The main points addressed in the FREEDOM Support Act include; bilateral economic assistance, business development, democracy corps, nonproliferation programs, space trade, and agriculture trade.

Title I: Requires the State Department coordinator to assist former Soviet states, excluding the Baltics states.

Title II: Amends U.S. assistance on human rights conditions, democracy violations, and peaceful conflict resolutions.

Title III: Creates more support to fuel U.S. economic interests in the new states by export promotion through the American Business Centers, designed to operate in the developing markets of Russia and the newly independent states to stimulate economic growth and create jobs in the United States.

Title IV: Authorizes the creation of the Democracy Corps to assist developing democratic governments through technical assistance and prohibits campaign funding.

Title V: Amends nonproliferation and discernment programs to ensure peaceful scientific collaboration between the U.S. and the new states.

Title VI: Speed the process of newly independent states working with one another on space collaboration.

Title VII: Expand aid for food to independent states and promote U.S. agricultural exports to emerging democracies committed to pursuing economic freedom.

Title VIII: Amended a fellowship program to support agricultural business exchanges with other independent states without additional funds.

Title IX: Expanded justice to more East European nations that once were not considered and restricted aid to Azerbaijan until it halts aggression against Armenia and Nagorno-Karabakh.

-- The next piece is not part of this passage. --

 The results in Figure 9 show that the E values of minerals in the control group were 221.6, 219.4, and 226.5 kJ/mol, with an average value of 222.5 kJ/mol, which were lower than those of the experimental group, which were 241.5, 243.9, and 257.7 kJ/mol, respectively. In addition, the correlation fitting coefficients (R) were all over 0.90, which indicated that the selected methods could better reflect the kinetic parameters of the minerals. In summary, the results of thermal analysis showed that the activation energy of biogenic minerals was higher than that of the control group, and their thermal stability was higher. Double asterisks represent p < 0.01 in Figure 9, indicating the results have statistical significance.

Title X: Authorized the U.S. Governor of the IMF to consent to increased funds for poverty reduction and economic stability while promoting local participation in the IMF.

== Major provisions ==
A significant piece of legislation, the FSA set up the former Soviet Union to advance their independent states exponentially. The legislation's provisions firstly regulated a shift in economies from centrally planned to open and free markets, giving much of their resources to mostly small corporations. Additionally, a small but notable provision focused on nuclear nonproliferation and disarmament, as well as securing Soviet Union nuclear weapons, minimizing former Cold War fears. The Act also allocated humanitarian resources for education, food distribution, and healthcare, and, most importantly, it promoted democracies by funding civil society organizations and fair and free elections. All of these provisions and more would allow once-authoritarian regimes to enter a world dominated by democracy and free trade properly.

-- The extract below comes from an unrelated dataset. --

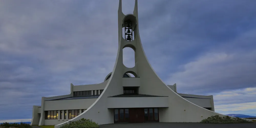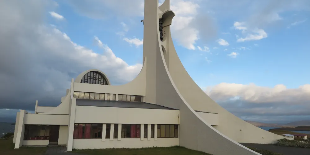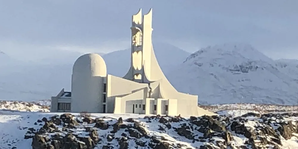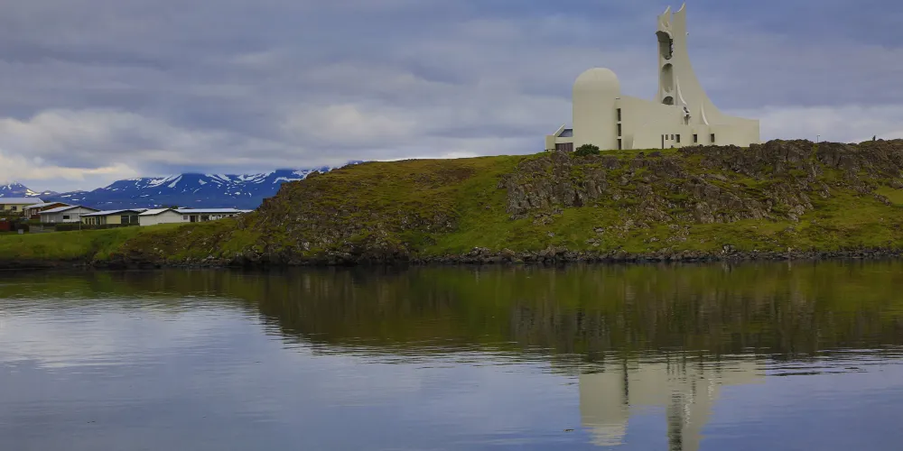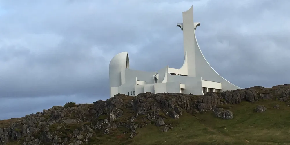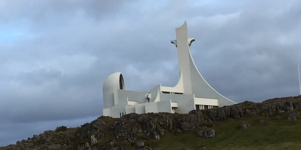 斯蒂基斯霍爾米大教堂是冰島西部斯奈山半島斯蒂基斯霍爾米鎮的一座標誌性建築,以其獨特的後現代主義設計風格而聞名。這座教堂建於1990年,由建築師Jón Haraldsson設計,靈感來自冰島的自然景觀,尤其是火山與玄武岩的幾何形態。教堂內部延續了北歐極簡主義風格,以明亮的白色為主調,搭配大面積的玻璃窗,讓自然光線充分灑入,營造出寧靜而神聖的氛圍。儘管規模不大,但它的設計極具藝術性,與冰島傳統的木造教堂形成鮮明對比。斯蒂基斯霍爾米大教堂不僅是當地居民的宗教活動中心,也因其獨特的建築美學成為遊客的打卡勝地。這座教堂以其現代設計與自然風光的理想融合,成為冰島西部不可錯過的文化地標之一。

In a twenty-year update following the passing of the Freedom Support Act, the United States had successfully provided $15 billion in assistance to 12 countries of the former Soviet Union. The United States supported NGOs, economic reforms, promoting human rights, establishing enterprise funds, and building independent media while addressing a shutdown and spread of nuclear weapons. Created through the act are the U.S. Civilian Research & Development Foundation, the Armenia School Connectivity Program and other organizations founded to foster growth in the former Soviet Union. Although generous the United States was in 1992, their wishes and goals for this Act were met, and they still couldn't help fully resolve issues, especially concerning the independent states' new free economies. Operation Provide Hope, which was the first US government program under the FSA, has and continued to provide tangible aid to needy and conflict-affected populations of the region, but many still live impoverished lives.